– Я надеюсь, ваше превосходительство, что турецкая кампания быстро окончится.

Старший беспомощно оглянулся: грек Родофиникин[78], раскоряка, заведовавший Азиатским департаментом, заболел лихорадкой. Между тем именно у него была любезная вульгарность тона, которая помогает в сношениях с младшими. Он бы тут улыбнулся, раскоряка, он бы свел разговор на какие-нибудь глупости, пустяки, и притом самого будничного свойства («какая халва в Персии! и хурме!»), и потом сразу же похлопал бы по плечу, конечно морально.

Нессельрод радостно улыбнулся и сказал:

– Да, я тоже надеюсь. Вы, вероятно, знаете, что государь с небольшим кружком – о! la bande des joyeux[79]! – Нессельрод с каким-то отчаянным удальством взмахнул ручкой, – собирается сам на театр войны, как только ее объявим.

Война уже в действительности началась, но не была еще объявлена.

Младший ничего не знал о небольшом кружке и высоко поднял брови. Положительно, руководитель ощутил недостаток истинной наивности.

Он ведь не мог так, прямо сказать коллежскому советнику, что как раньше он хотел ускорить позорно затянувшуюся, безвыходную персидскую войну, так всеми силами он теперь должен будет стараться замедлить войну с Турцией.

Война была для него сумбур, неожиданность, brouhaha[80]. Она как-то всегда связывалась для него по воспоминаниям молодости с падением какого-то министерства. А теперь он сам был министр.

И вот он сидит, машет удалой ручкой, а между тем просто-напросто стоит уехать и выйти в отставку, пока не поздно.

Его старый приятель, граф де ла Фероней[81], которого недавно отозвали во Францию, писал ему каждую неделю из Парижа: французы беспокоятся, они недовольны, Европа соразмеряет русские силы со своими, и пусть уж он, Нессельрод, сговаривается с новым послом, а граф де ла Фероней советует: мир, мир во что бы то ни стало, любой, при первой удаче или неудаче.

Князь Ливен[82], посол в Лондоне, писал Нессельроду, что не выходит на улицу: дюк Веллингтон[83] не желает с ним знаться, и только некоторые неудачи русских войск его умилостивят.

А лорд Абердин[84] начал странным образом симпатизировать Меттерниху[85]. Это уже было не brouhaha, а что-то похуже. Меттерних…

Но здесь открывалась старая рана: венский учитель отрекся от петербургского ученика, он ругал его на всех языках Дантоном[86] и идиотом.

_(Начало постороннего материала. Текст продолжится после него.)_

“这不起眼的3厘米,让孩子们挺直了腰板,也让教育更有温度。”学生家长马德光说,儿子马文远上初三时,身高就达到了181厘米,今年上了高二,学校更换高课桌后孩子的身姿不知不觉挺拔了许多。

Карл Роберт Нессельрод должен был при всем том управлять, управлять, управлять. Днем и ночью, не разгибая спины, радоваться.

И его не хватило.

Управление он сдал своей жене, себе оставил радость. Это была трудная задача. Он знал, что в Петербурге его прозвали «печёной рожей», и один писака сочинил про него ужасный площадный пасквиль: что он péteur[87], а не министр Европы.

Карл Роберт Нессельрод, сын пруссака и еврейки, родился на английском корабле, подплывавшем к Лиссабону.

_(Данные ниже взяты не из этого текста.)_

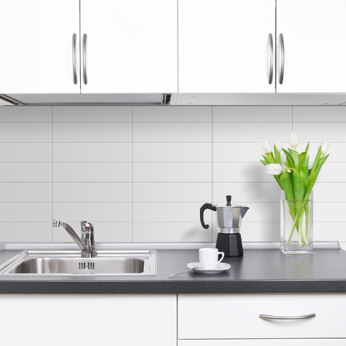 Mit Klebefliesen Weiß gestalten Sie eine helle und moderne Küchenwand. Die weiße Farbe lässt die Küche größer wirken und sorgt für eine ruhige und elegante Atmosphäre. Gleichzeitig sind weiße Klebefliesen sehr pflegeleicht und ideal für den täglichen Gebrauch.

Равновесие и параллельная дружба качались теперь, как английский корабль, и это он, он, Карл Роберт Нессельрод, кричал, как его мать, в тот момент, когда она рожала его на корабле.

Впрочем, его крик наружно выражался в другом: он улыбался.

Он хотел сбавить немного цены этому странному курьеру, нащупать, что он такое за человек, но вместо того, кажется, просто выразил недовольство миром и тем показал, что мир устроился без него, без Нессельрода. Этот молодой человек тоже, кажется, из этих… из умников. Впрочем, он родственник Паскевича. Нессельрод обернулся к коллежскому советнику, представлявшему собой смесь русской неучтивости и азиатского коварства, и весело улыбнулся:

– Мы еще поговорим, дорогой господин Грибоедов. Теперь пора. Надо спешить. Ждет император.